START Dataset extract

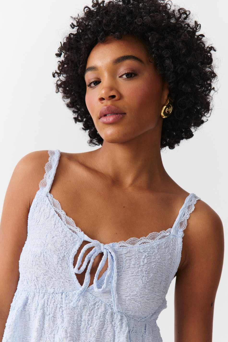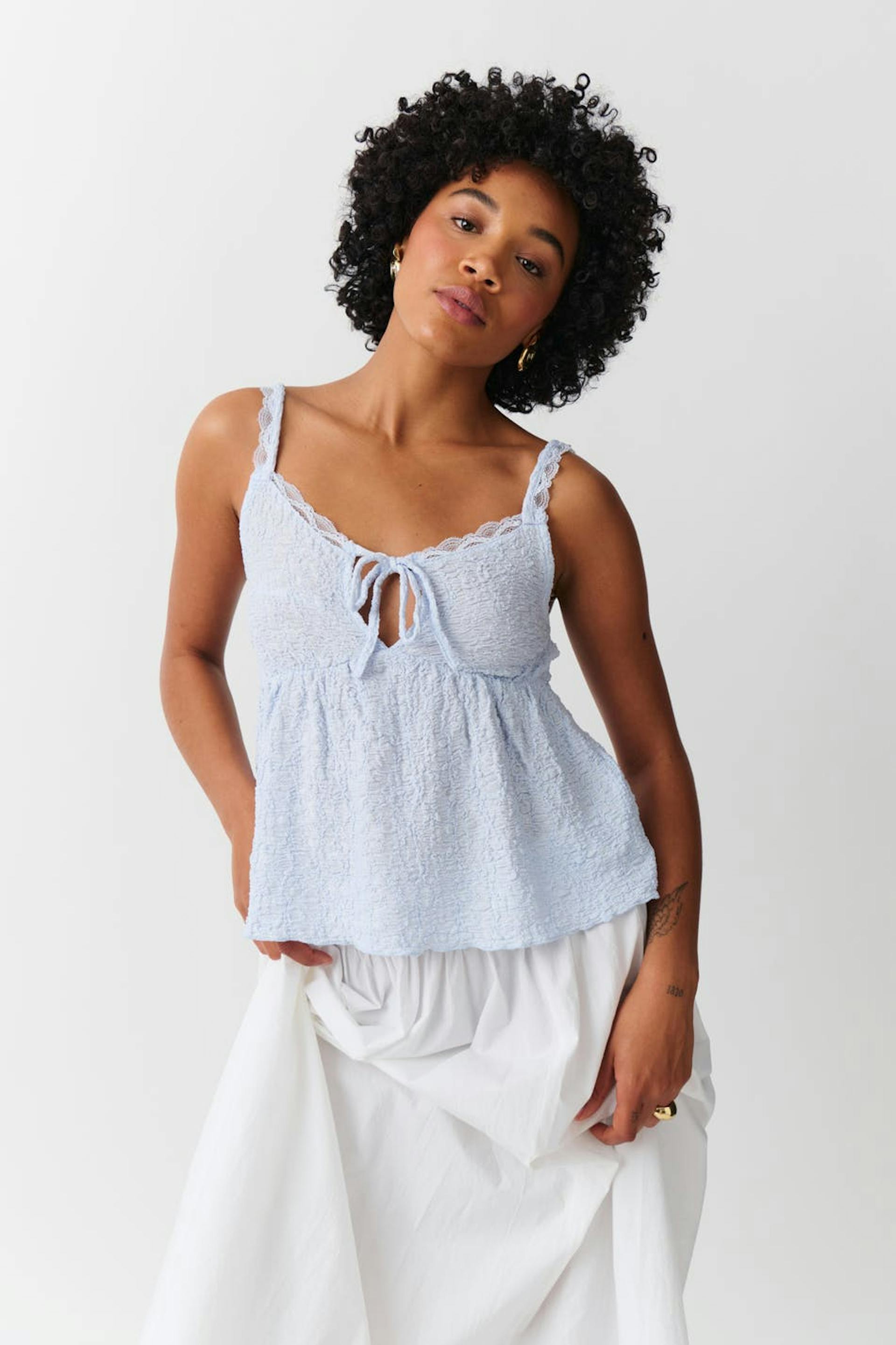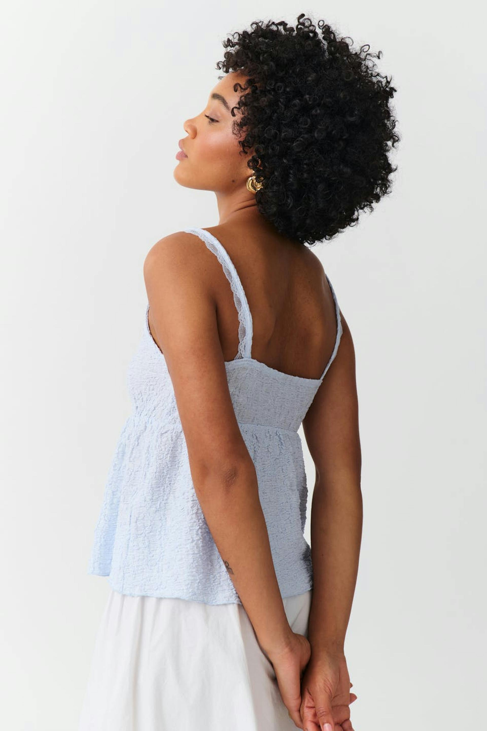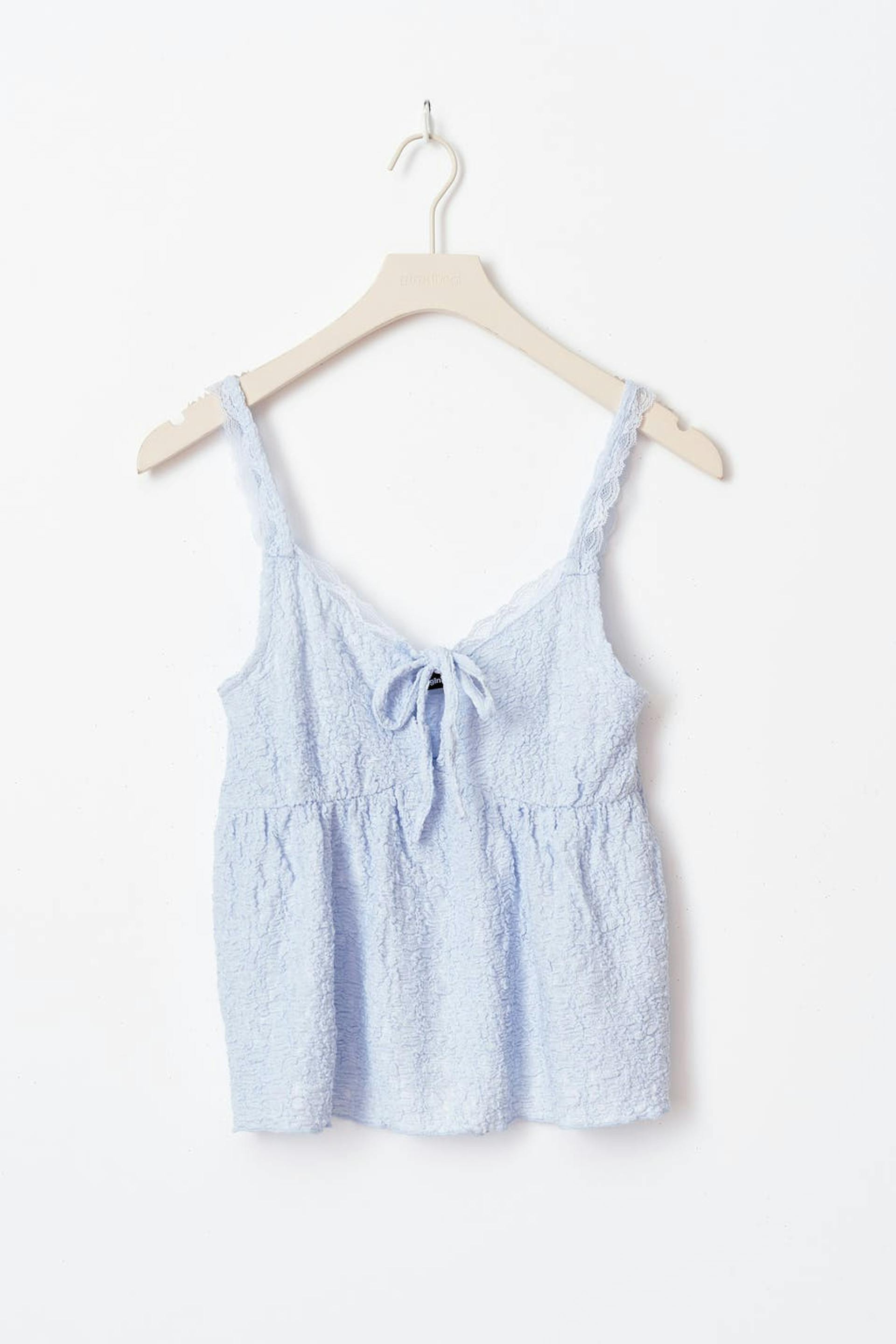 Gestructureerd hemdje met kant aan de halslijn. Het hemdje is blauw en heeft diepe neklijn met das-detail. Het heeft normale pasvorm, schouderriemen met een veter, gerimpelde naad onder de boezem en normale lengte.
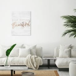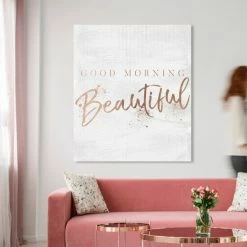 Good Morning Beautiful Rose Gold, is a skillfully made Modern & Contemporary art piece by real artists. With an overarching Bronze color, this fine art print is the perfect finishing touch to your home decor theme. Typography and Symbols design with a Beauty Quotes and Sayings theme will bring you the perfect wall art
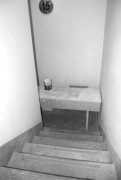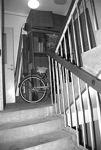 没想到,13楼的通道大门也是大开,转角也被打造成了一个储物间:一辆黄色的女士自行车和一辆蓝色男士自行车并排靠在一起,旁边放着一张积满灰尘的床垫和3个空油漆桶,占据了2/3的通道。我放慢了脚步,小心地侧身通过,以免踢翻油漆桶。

END Dataset extract

> _Work to be completed_
Please print the material exactly as given above, omitting the pictures.

> _Your solution_
 Gestructureerd hemdje met kant aan de halslijn. Het hemdje is blauw en heeft diepe neklijn met das-detail. Het heeft normale pasvorm, schouderriemen met een veter, gerimpelde naad onder de boezem en normale lengte.
 Good Morning Beautiful Rose Gold, is a skillfully made Modern & Contemporary art piece by real artists. With an overarching Bronze color, this fine art print is the perfect finishing touch to your home decor theme. Typography and Symbols design with a Beauty Quotes and Sayings theme will bring you the perfect wall art
 没想到,13楼的通道大门也是大开,转角也被打造成了一个储物间:一辆黄色的女士自行车和一辆蓝色男士自行车并排靠在一起,旁边放着一张积满灰尘的床垫和3个空油漆桶,占据了2/3的通道。我放慢了脚步,小心地侧身通过,以免踢翻油漆桶。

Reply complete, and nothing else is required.